В. А. Косоговский ходатайствовал о возвращении В. К. Бельгарда в 33-й драгунский полк и о назначении на его место есаула 1-го Лабинского конного полка Кубанского казачьего войска Сергея Ивановича Сушкова (об этом он позже подал два отдельных рапорта). «Оставаться здесь без строевого помощника немыслимо… ввиду происходящего теперь полного переформирования бригады из пешей в конную (так в тексте – О.Г.), – писал он, – …поручик Орановский с утра до вечера занят приведением в порядок годами запущенной и заброшенной артиллерии, бывшей всецело предоставленной уряднику Новаку, настолько огрузневшему, что тяжести его не выдерживает ни одна боевая лошадь. Есаул[1158]Рафалович не разгибается над установлением по возможности правильной отчётности»[1159]. Относительно ротмистра, то полковник считал, что наказание ему должен установить военный министр. Интереснее всего его предложение о компенсации долга в 1800 туманов. Если в рапорте посланнику В. А. Косоговский брался выплатить его из бюджета бригады, то в донесении на Кавказ предложил растрату покрыть из другого источника. В качестве такового он указал на средства, выделяемые ему на военную агентуру и военные надобности[1160].
Наконец, позднее В. А. Косоговский следующим образом описывал А.Н. Нелидову ситуацию конца весны – лета 1894 г. «Только, вступив на персидскую территорию и сподобясь прийти в непосредственное соприкосновение с олимпийцами-дипломатами, я понял, что все те заведения, в которых я воспитывался и обучался ранее, были не более как начальными школами, настоящая же академия ожидала меня в Перси-и»[1161]. «Вместо 500 строевых “казаков”, всего годных к казачьей службе 165 конных; самостоятельных командиров в бригаде оказалось ровно столько, сколько было на лицо русских офицеров и урядников-инструкторов, – сообщал он. – Но любопытнее и поучительнее было то, как отнеслись ко мне “русские представители Великой России на Востоке”: довольно тебе сказать, что один из этих олимпийцев, узнав о моем назначении и приведённый в отчаяние тем, что им не удалось провести своего, послал в Петербург телеграмму, гласящую, что “назначение полк. Косоговского было бы равносильно потере доброго русского имени на Востоке”. Меня дипломаты едва удостаивали протягиванием кончиков пальцев и, не умея справляться со своими собственными делами, стремились поучать меня подобно тому, как поучали моих предшественников; но я был так предупредителен, что просил их не беспокоиться и не надрываться ещё и чужими делами, и мало-помалу взял бразды правления в свои, собственные руки»[1162]. Далее В. А. Косоговский крайне нелестно охарактеризовал всех членов Миссии, отметив их нерусское происхождение. Выделил он лишь Григоровича, назвав его «русским», хотя и отметив, что тот «выкрещенный араб»[1163]. Особо полковник остановился на военных из России. «Затем военные представители, – писал он, – полковник Шнеур – еврей, выкрестившийся в лютеранство из иудейства, сын лудильщика из города Пскова; его временный заместитель ротмистр Бельгард; подъесаул Рафалович – сын выкрещенного еврея из города Гродно; капитан Блюммер – окончивший курс в Саксонском кадетском корпусе и из германской артиллерии переведённый в русскую гвардию конную»[1164]. Во всём письме чувствуется и откровенно высказывается отрицательное отношение ко всем не русским по происхождению, кто служил в Персии. По мнению полковника, они не только не могли (не будучи русскими), но и не хотели понимать и отстаивать истинные интересы России в Иране. Естественно, «истинность» определял сам В. А. Косоговский.
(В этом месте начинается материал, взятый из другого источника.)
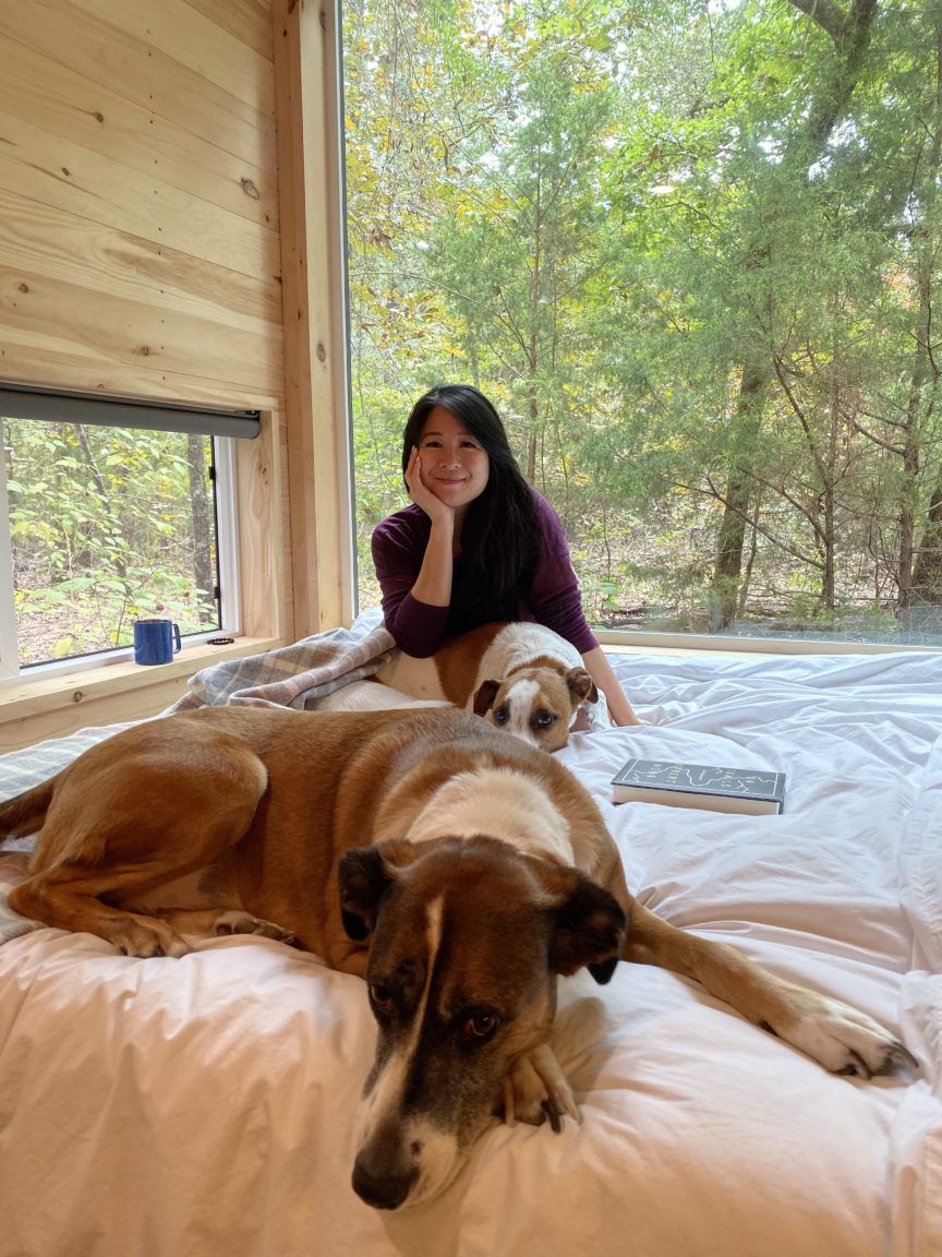 It’s the cutest thing. If you’re curious about tiny homes, this is a fun experience. You’d be so surprised how everything fits and how comfortable it was. Mind you, it was the two of us plus two medium sized-dogs. It has a comfy bed, a small dining table, bathroom, shower, and kitchenette. The outside is complete with a campfire, picnic table and additional chairs and firewood.

Из приведенных документов можно сделать определенные выводы относительно того, как виделась ситуация новому Заведующему, а также отчасти вскрыть скрытые мотивы его оценок и поведения. В. А. Косоговский обвинял В. К. Бельгарда по трем пунктам. Во-первых, в недостойном поведении относительно порученного дела и старшего по чину, своего начальника. Во-вторых, полковник считал, что ротмистр разрушил дисциплину в ПКБ и фактически превратил ее в небоеспособную часть. Но самым важным было третье обвинение – в неумелом ведении денежных дел бригады, финансовых злоупотреблениях и махинациях. С формальной точки зрения Заведующий был прав. Приехав из России, он застал воинскую часть, в которой имелась масса долгов, из списочного состава налицо не было и четверти «казаков».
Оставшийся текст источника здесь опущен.